8 Feb, 2012
Why Universities Should “Beware the Seductive Attractions of Money Power”
Reporting on the management changes at Research in Motion, Tim Weber, business editor, BBC, wrote that the co-chief executive officers’ departure was ‘long overdue.’ The once-dominant company had ‘thrown it all away… in an orgy of poor executive decisions, lacklustre innovation, unkept promises in delivering new product and — the greatest sin of all — a total lack of understanding that its part of the tech industry was undergoing a fundamental shift.’
The governance deficits were foreshadowed in the threeway relationship between the Centre for International Governance Innovation, the Balsillie School of International Affairs, and Wilfrid Laurier and Waterloo universities. Yet no business reporter connected the dots or followed the money trail, despite the substantial amounts of public funds involved. As a result, there remains a story to be told. And the lessons have relevance for India, as it opens up its education sector to international influences.

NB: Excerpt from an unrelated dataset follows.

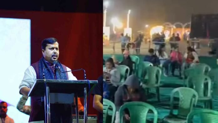 কলকাতা: অযোধ্যার রামমন্দিরের আদলে তৈরি মন্ডপ, শিল্প-শহর দুর্গাপুরের রাস্তায় পোস্টার- হোর্ডিং এ ছয়লাপ। রাজীব গান্ধী স্মারক ময়দানে বাচ্চাদের জন্য সম্পূর্ণ বিনামূল্যে জয়রাইড, আতসবাজির প্রদর্শনী, মোনালি ঠাকুরের গান! এতকিছু সত্ত্বেও ভরল না দর্শকাশন। বিজেপির সদ্য মনোনীত সর্বভারতীয় সভাপতি নিতিন নবীনের (Nitin Nabin) ভোটমুখী পশ্চিমবঙ্গ সফরের প্রথম দিনের শো কার্যত ‘ফ্লপ’! মঙ্গলবার সন্ধ্যায় দুর্গাপুরের কমল মেলায় ফাঁকা পড়ে রইল চেয়ার।
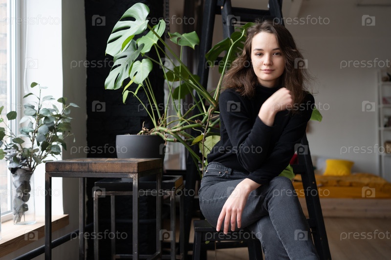 Молодая красивая женщина сидит на стуле в черном свитере возле окна

Business practices and culture can be radically different from those in the public sector and universities. They reflect different historical roots and legacies, different modes of doing core business and different norms of accountability. Civility-challenged business executives can treat employees as ‘hired underlings;’ university management respects even junior faculty as colleagues. The corporate culture can stifle contrarian opinions and weed out nonconformists; universities encourage and thrive on critical questioning. Executives can hire, promote and fire almost at whim or, rarely, in exchange for sexual favours; public servants are better protected by complex layers of rules and appeal procedures.
Ideas matter and universities are the marketplace of ideas. Think tanks are the conduit for processing ideas into policy recommendations. A society in intellectual ferment, with the clash of ideas given free play, is fertile ground for progress and advancement. A society that is bereft of and represses new ideas is doomed to stagnation.
Research institutions are dedicated to the spirit of free and critical inquiry, tolerance of diversity and a commitment to resolution of difference of opinion through dialogue and debate. They provide the terrain on which intellectually arid and stagnant societies encounter new worlds of ideas. The process of transformation of large and complex societies creates social ferment, disorder, dislocation, volatility and sometimes even conflict. Universities and think tanks, whose core business is knowledge management and its processing into policy advice, often find themselves embattled because they are at the forefront of this struggle for social transformation.
Many universities across the world are becoming more agile and market-responsive due to changes in the higher education sector. This has forced too many to accept donations without due diligence and, sometimes, even bend to donor directives. The intense embarrassment felt by the London School of Economics because of its links to the Gaddafi regime is a salutary caution against the seductive attractions of money power trumping long-held and cherished academic values and practices that prioritize intellectual freedom and institutional autonomy. The LSE’s deeply damaged institutional integrity will take time to repair. The experience shows exactly why we need firm governance structures and arrangements that set up robust firewalls between academic matters and institutional autonomy against outside influence.
Who would have thought that a world famous British university would demonstrate a softer commitment to core academic values? If such a prestigious university can fall short of expected standards, so can reputable Canadian universities.
But that is only part of the problem. As the mode of corporate leadership came to be widely admired and emulated in the worlds of the public sector and universities, the vices of casino capitalism cross-infected sectors that previously were pillars of public service ethos.
The reification of the corporate sector with its all-encompassing motto of ‘greed is good’ produced the biggest global financial and economic crisis since the Great Depression of the 1930s. The corporate environment increasingly became an ethics-free zone. The tragedy is that, as the dominant management ideology has forced the corporate management culture more and more into public sector and university administrations, the risk has grown of an accompanying infestation of ethically-challenged public sector chief executives. And also university presidents, especially when fund raising becomes a chief criterion for selecting them.
A self-respecting university should have a bottom line beyond just the bottom line. It is time to bring back civic virtue into the marketplace and spread civility in the boardroom. To restore public trust in financial institutions and the corporate sector, perhaps the best and the brightest from the public sector should be poached and perched in positions of corporate power to instruct them on what a moral compass means in practice.
Public-private partnerships should see private money flow into public institutions where benefactors donate to educational institutions, retain an interest in what is done with their money, but have no control over its use. If managerial and operational control is under the tight control of a donor and corporate buddies, instead of private money being put to serve the public good, in effect the taxpayer ends up subsidizing the whims and indulgences of a megarich donor. And if universities should succumb to donor pressure on academic matters, they will vindicate the contempt of wealthy ‘benefactors’ for academics and their values.
Ramesh Thakur is director, Centre for Nuclear Non-proliferation and Disarmament ANU Asia-Pacific College of Diplomacy, Canberra. Till-early last year he was director, Balsillie School of International Affairs, Waterloo, a school established by Research in Motion co-founder Jim Balsillie.